For cells, viruses can cause:

Latent infection

Acute cytopathic infection

No infection

Abortive infection

Cell transformation

Persistent infection

 

For organisms, viruses can cause:

Virus-induced tumour

Acute infection

Latent infection

Slowly progressive disease

Persistent infection

Chronic infection

Subclinical infection

 

Defining disease

With disease, there are symptoms, but not always. Symptoms can be subjective, as they can be felt by the patient, for example a running nose, an altered mental state, or a pain felt. Clinical signs are objective, they are physical findings by the examiner, for example, abnormalities in an ECG trace. Being infected does not mean you have a disease, being infected means an organism has entered, but it may be cleared before this can lead to disease. An infection is said to be subclinical or silent in the absence of disease that can be observed.

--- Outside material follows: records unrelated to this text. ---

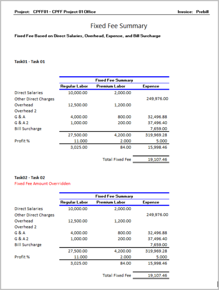 The Fixed Fee Summary will display after the report cover page if selected to display via the FIXEDFEESUMMARY, with options of Never, Prebill, Prebill and Final Bill. The fixed fee summary page includes a breakdown of the Fixed Fee Amount calculation. It is a summary for direct salaries, other direct charges, overhead and bill surcharges, and profit percentages for Regular Labor, Premium Labor, and Expenses. The values and calculation displayed is based on the CVFIXEDFEEBASIS selected, with options of D, DO, DOE, or DOES.
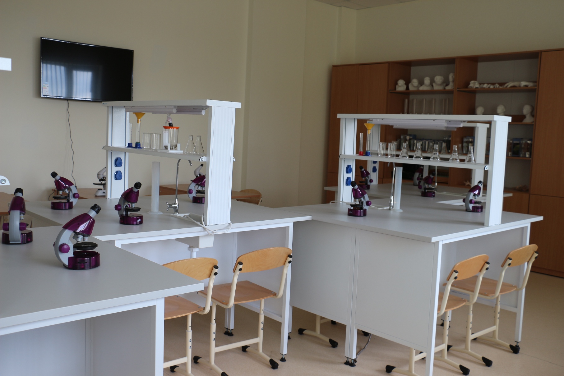 Школа оборудована высокотехнологичным учебным оборудованием (интерактивные доски, лингафонные кабинеты).
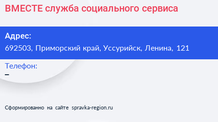 ВМЕСТЕ, служба социального сервиса по адресу 692503, Приморский край, Уссурийск, Ленина, 121 в дальнейшем Организация, размещена в следующих категориях:
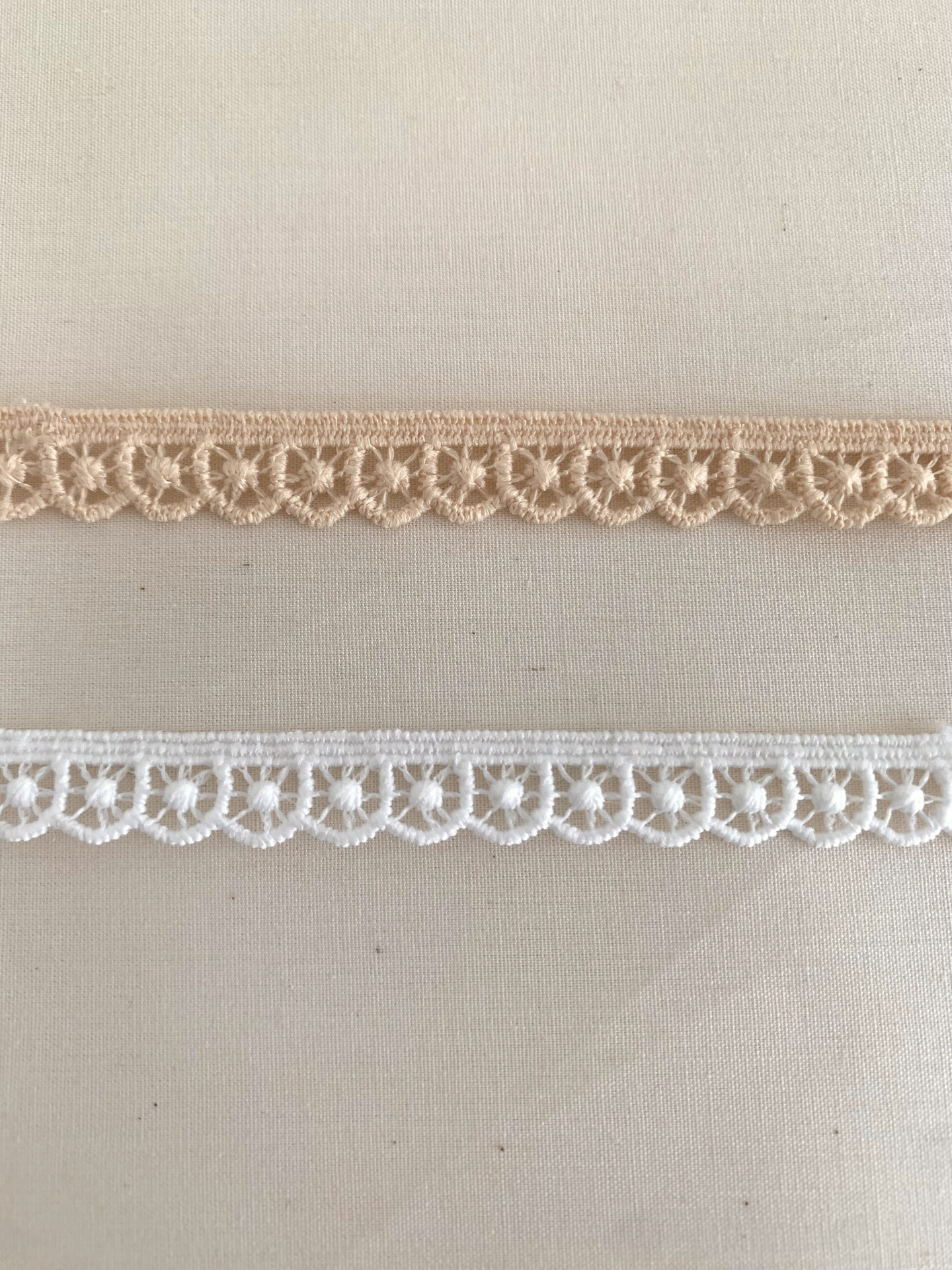 Ponta de renda 100% Algodão em branco ou bege.

When a person is infected, this leads to an immune response.

 

Virulence is described as the capacity to cause disease, among viruses it varies. Some are avirulent meaning they cause no disease, whilst some are lethal, causing life threatening disease. Few viruses are actually 100% lethal.

 

Attenuation is the process of reducing the virulence of a virus. This occurs when producing some vaccines. A microbe is taken, the lethal factor is essentially removed, and so the microbe can be inserted into a person’s bloodstream. This way an immune response can be stimulated, without the inserted microbe being pathogenic (disease causing). Pathogenicity is described as the ability to cause disease.